Walking up at 5am, I traveled across town to Queens Park, where I met with a few other bird-watchers and our host Jade Peace. Jade has been running these tours for just over year, after securing local government funding to educate local
people about the birds that populate the city. As we walked through Queens Park into Centennial Park, binoculars in hand, I got to meet a whole bunch of birds that I have yet to put a name to. Watching a bright green figbird calling from the top of a tree was a real moment, as was spotting a flock of ibis nesting in trees by the water.
I remember once talking to my good friend and amazing illustrator, Charlotte Ager, after she had done a course in gardening. She told me that having the vocabulary of the vegetation around her, and being able to “read” the landscape through the names she had learnt, had changed how she walked down the street. I am beginning to understand what she meant, more so too with the knowledge of some of the Indigenous names these birds wear, names that mimic and respond to their calls – Peewee for example. One this note, I also begin to reflect on some of my initial thinking on layers of time and narrative throughout this project.
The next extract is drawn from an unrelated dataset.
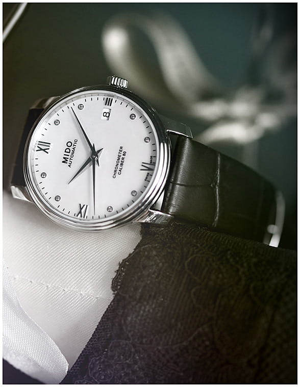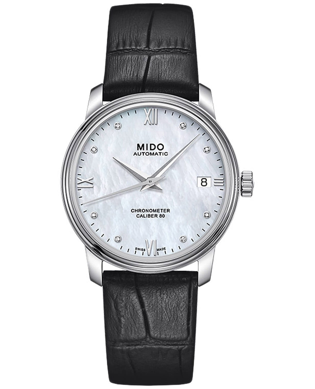 Стильная модель для прекрасной половины. Циферблат украшен 8 бриллиантами. Механический механизм (автоматический калибр) с высокой точностью. Сапфировое стеклоСапфировое стеклоПрочный и надёжный материал из кристалла сапфира синтетического происхождения, характеризующийся особой твёрдостью и устойчивостью к царапинам и повреждениям. устойчивое к появлению царапин, обладающее высокой прозрачностью. Класс водозащиты: 30 метров, позволит защитить корпус от случайных брызг или капель дождя. Корпус часов изготовлен из нержавеющей стали. Кожаный ремешок с раскладной застёжкойРаскладная застёжкаТакой тип застёжки используется только на браслетах из металла. Она никогда не раскрывается полностью, происходит разделение на 2 и более частей. Раскладывающая застёжка снизит вероятность потери часов к минимуму.. Отображение даты в положении «3 часов».

When the English colonisers moved to Australia, they named the birds after their English equivalents, despite the vast differences. The magpie, magpie lark, bush turkey, wagtail, all were given ill-fitting, hand-me-down names that harked to the limited understandings of their new domination.
I didn’t expect to gain quite so much from a bird watching morning, but it was a super insightful – and fun – morning to get some thoughts moving.